Cooperative perception is essential to enhance the efficiency and safety of future transportation systems, requiring extensive data sharing among vehicles on the road, which raises significant privacy concerns. Federated learning offers a promising solution by enabling data privacy-preserving collaborative enhancements in perception, decision-making, and planning among connected and autonomous vehicles (CAVs). However, federated learning is impeded by significant challenges arising from data heterogeneity across diverse clients, potentially diminishing model accuracy and prolonging convergence periods. This study introduces a specialized federated learning framework for CP, termed the federated dynamic weighted aggregation (FedDWA) algorithm, facilitated by dynamic adjusting loss (DALoss) function. This framework employs dynamic client weighting to direct model convergence and integrates a novel loss function that utilizes Kullback-Leibler divergence (KLD) to counteract the detrimental effects of non-independently and identically distributed (Non-IID) and unbalanced data. Utilizing the BEV transformer as the primary model, our rigorous testing on the OpenV2V dataset, augmented with FedBEVT data, demonstrates significant improvements in the average intersection over union (IoU). These results highlight the substantial potential of our federated learning framework to address data heterogeneity challenges in CP, thereby enhancing the accuracy of environmental perception models and facilitating more robust and efficient collaborative learning solutions in the transportation sector.

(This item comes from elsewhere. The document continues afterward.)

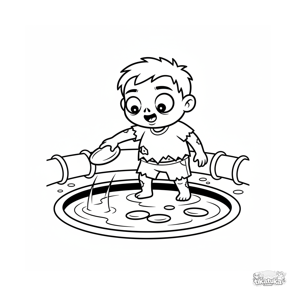 Раскраска для детей 4-6 лет: зомби-малыш стоит у огромного резервуара в канализации и готовится пустить камешек по воде. Простая и понятная сцена.

翻译：协同感知对于提升未来交通系统的效率与安全性至关重要，其要求道路车辆间进行广泛数据共享，这引发了显著的隐私问题。联邦学习通过支持网联自动驾驶车辆在感知、决策与规划环节实现隐私保护的协作增强，提供了一种有前景的解决方案。然而，联邦学习面临不同客户端间数据异质性带来的重大挑战，这会降低模型精度并延长收敛周期。本研究提出了一种面向协同感知的专用联邦学习框架，即联邦动态加权聚合算法，该算法通过动态调节损失函数实现优化。该框架采用动态客户端权重引导模型收敛，并整合了一种利用Kullback-Leibler散度的新型损失函数，以抵消非独立同分布数据与不平衡数据产生的不利影响。以BEV Transformer作为主模型，我们在经FedBEVT数据增强的OpenV2V数据集上的严格测试表明，平均交并比实现了显著提升。这些结果凸显了我们的联邦学习框架在解决协同感知中数据异质性挑战方面的巨大潜力，从而提升环境感知模型的精度，并为交通领域提供更鲁棒高效的协作学习解决方案。